Father looked at the testicle cupped in Granddad’s hand and asked with a note of astonishment, ‘Dad, is that mine? Is it?’ A wave of nausea hit him. He fainted.

Granddad threw down his staff, tore off two clean sorghum leaves and gently wrapped the thing up, then handed it to Mother. ‘Beauty,’ he said, ‘hold it carefully. I’m taking him to Dr Zhang Xinyi.’ He bent over, picked Father up, and then hobbled off down the road. Dogs wounded by the exploding grenades in the marshland whimpered pitifully.

Dr Zhang Xinyi, a man in his fifties, parted his hair right down the middle, something you seldom saw in the countryside. He wore a long, dark-blue gown, and had a pale face atop a frame so thin he seemed incapable of withstanding even the slightest breeze.

By the time Granddad had carried Father to the doctor, his back was bent almost double and his face had a ghostly pallor.

‘Is that you, Commander Yu? You certainly look different,’ Dr Zhang said.

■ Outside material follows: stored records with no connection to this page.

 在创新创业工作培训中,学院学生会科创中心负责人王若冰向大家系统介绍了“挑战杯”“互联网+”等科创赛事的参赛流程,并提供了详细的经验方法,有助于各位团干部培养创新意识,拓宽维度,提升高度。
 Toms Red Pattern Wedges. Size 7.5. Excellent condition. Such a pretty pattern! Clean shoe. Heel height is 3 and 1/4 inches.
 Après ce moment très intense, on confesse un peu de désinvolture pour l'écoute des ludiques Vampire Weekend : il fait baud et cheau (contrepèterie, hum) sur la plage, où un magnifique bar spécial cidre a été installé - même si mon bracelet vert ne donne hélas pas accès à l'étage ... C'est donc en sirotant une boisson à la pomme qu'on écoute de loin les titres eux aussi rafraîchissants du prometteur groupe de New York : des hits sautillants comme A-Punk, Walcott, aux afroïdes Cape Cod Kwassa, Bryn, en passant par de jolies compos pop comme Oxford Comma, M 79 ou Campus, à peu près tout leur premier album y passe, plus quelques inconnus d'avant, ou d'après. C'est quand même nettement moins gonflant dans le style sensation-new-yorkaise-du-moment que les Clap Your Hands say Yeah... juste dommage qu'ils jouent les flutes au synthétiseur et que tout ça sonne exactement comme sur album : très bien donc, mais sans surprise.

‘Name your price, Doctor.’

Father had been laid out on the wooden-plank bed. ‘Is this your son, Commander?’ Dr Zhang asked him.

Granddad nodded.

‘The one who killed the Japanese general at the Black Water River bridge?’

‘I only have one son!’

‘I’ll do the best I can!’ Dr Zhang took some tweezers, a pair of scissors, a bottle of sorghum wine, and a vial of iodine out of his instrument bag, then bent over to examine the injury on Father’s face.

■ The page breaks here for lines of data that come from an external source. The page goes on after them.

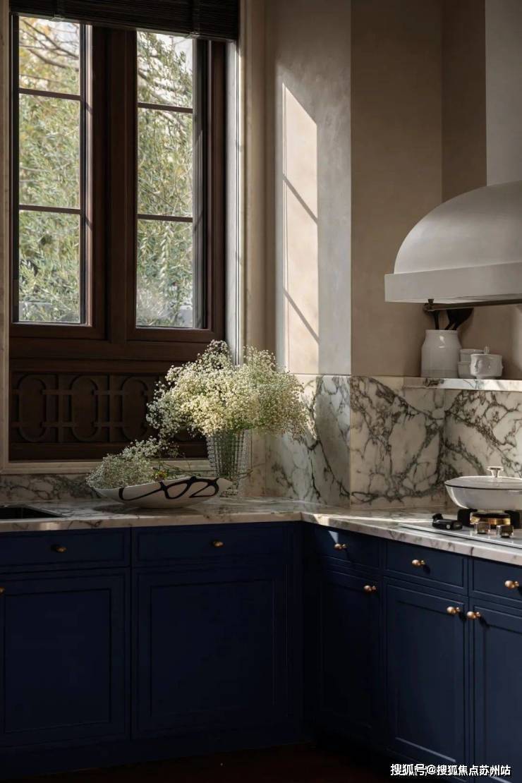 沉浸在这间厨房的深邃蓝色调中,它如同一位优雅的调色师,巧妙地与大理石台面相融合,营造出一种既大气又稳重的氛围。想象一下,当阳光透过窗户洒在室内,室外的花园景色与室内空间无缝连接,你在这里举办一场悠闲的下午茶或烧烤聚会。这样的生活,仿佛让时间慢了下来,让人沉醉于这份宁静与美好之中。
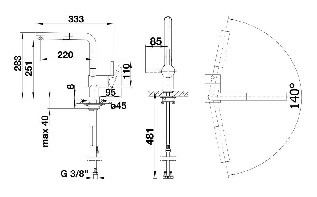 - kraanhoogte 283 mm
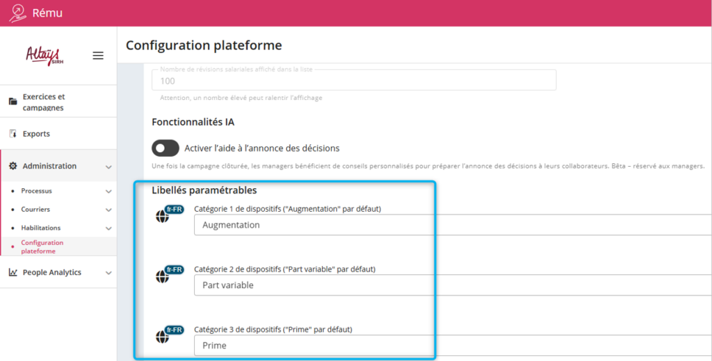 Depuis la nouvelle page Administration > Configuration plateforme, il est désormais possible de personnaliser les libellés des catégories selon vos besoins.
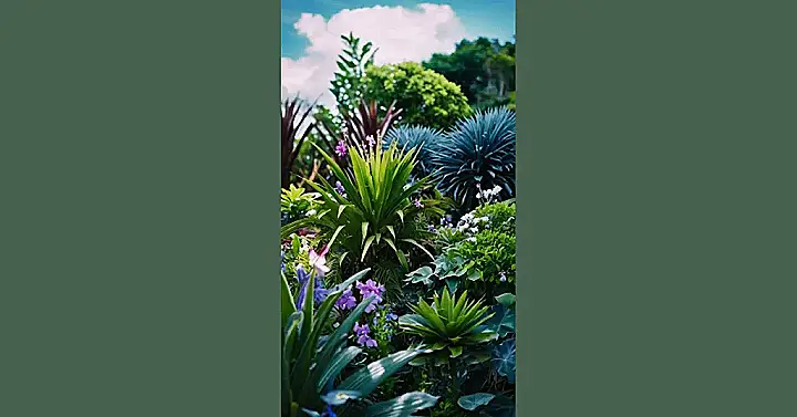 Wandering through this sun-kissed splendor, you can’t help but feel a deep appreciation for nature’s artistry. Each plant seems to tell a story, its unique shape and hue adding to the tapestry of this botanical wonderland. The air is alive with the hum of life β butterflies flit from flower to flower, bees buzz busily, and colorful birds dart among the branches. This tropical paradise is a living masterpiece, a celebration of the beauty and diversity of the natural world that invites you to slow down, breathe deeply, and immerse yourself in its serene embrace.
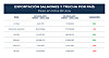Asimismo, comparando las cifras con el mes anterior, es decir, marzo de 2024, en este trimestre se exportaron 63.138 toneladas avaluadas en US$524 millones, lo que representa para este abril un descenso en volúmenes de 7,1% y 5,8%, en retornos (58.616 toneladas por US$493 millones).

‘Take a look down there first, please, Doctor,’ Granddad said sombrely. Then he turned to Mother and took the sorghum leaves in which the testicle was wrapped out of her hands. He placed it on the wooden cabinet beside the bed. The leaves spread open.

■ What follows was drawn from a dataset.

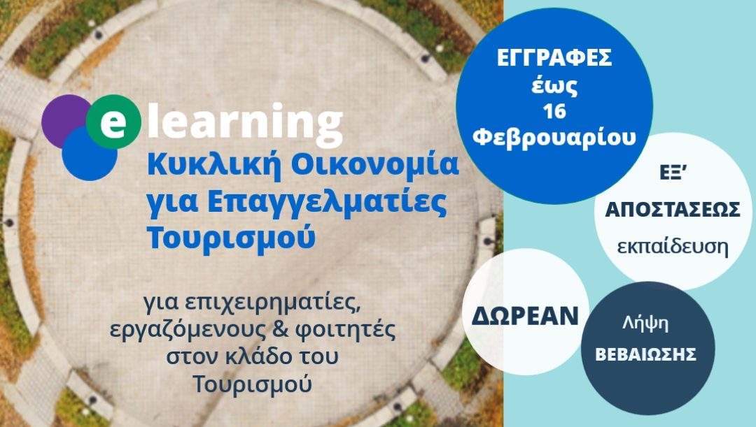 Στο πλαίσιο αυτό, το εμβληματικό έργο LIFE-IP CEI-Greece («Εφαρμογή της Κυκλικής Οικονομίας στην Ελλάδα»), υπό τον συντονισμό του Υπουργείου Περιβάλλοντος και Ενέργειας, ανακοινώνει ένα ολοκληρωμένο, δωρεάν πρόγραμμα e-learning με τίτλο: «Κυκλική Οικονομία για Επαγγελματίες Τουρισμού».

Dr Zhang picked up the messy thing with his tweezers. His long, nicotine-stained fingers shook as he stammered, ‘Commander Yu… not that I’m unwilling to do my best, but your son’s wound… My skills are not great, and I haven’t the proper medication…. You must see someone more talented than I, Commander….’

Granddad bent over and stuck his face right up into Dr Zhang’s, his rheumy eyes boring into the man. ‘Where can I find someone more talented?’ he asked hoarsely. ‘Tell me, where can I go? Should I take him to the Japanese?’

‘Commander,’ Zhang Xinyi defended himself, ‘that’s not what your humble servant meant…. Your esteemed son is injured in a critical place, and the slightest slip could bring an end to your glorious line….’

‘I brought him here,’ Granddad said, ‘because I have faith in you. Do what you can.’

‘Since Commander Yu says so,’ Zhang Xinyi said, gritting his teeth, ‘I’ll do it.’

He soaked a cotton ball in the wine and cleaned the wound. The pain brought Father to. He tried to slide off the bed, but Granddad climbed up and held him down.

‘Commander Yu,’ Zhang Xinyi said, ‘we’ll have to strap him down.’

‘Douguan!’ Granddad said. ‘You’re my son, and I expect you to tough it out. Bite down hard!’

‘But, Dad,’ Father groaned, ‘it hurts….’

‘Tough it out!’ Granddad said sternly. ‘Think about Uncle Arhat!’

Father didn’t dare argue. Sweat covered his forehead.

Zhang Xinyi took out a needle and sterilised it in the wine before threading it. Then he began stitching the torn scrotum closed.

‘Sew that back inside!’ Granddad said.

Zhang Xinyi looked at the testicle lying in the open sorghum leaves on the wooden cabinet and said with embarrassment, ‘Commander Yu… it won’t do any good….’

‘Is it your intention to bring the Yu line to an end?’ Granddad asked glumly.

Large beads of sweat glistened on Dr Zhang’s gaunt face. ‘Commander Yu… think about it…. Connecting blood vessels were severed. If I put it back in, it would still be dead.’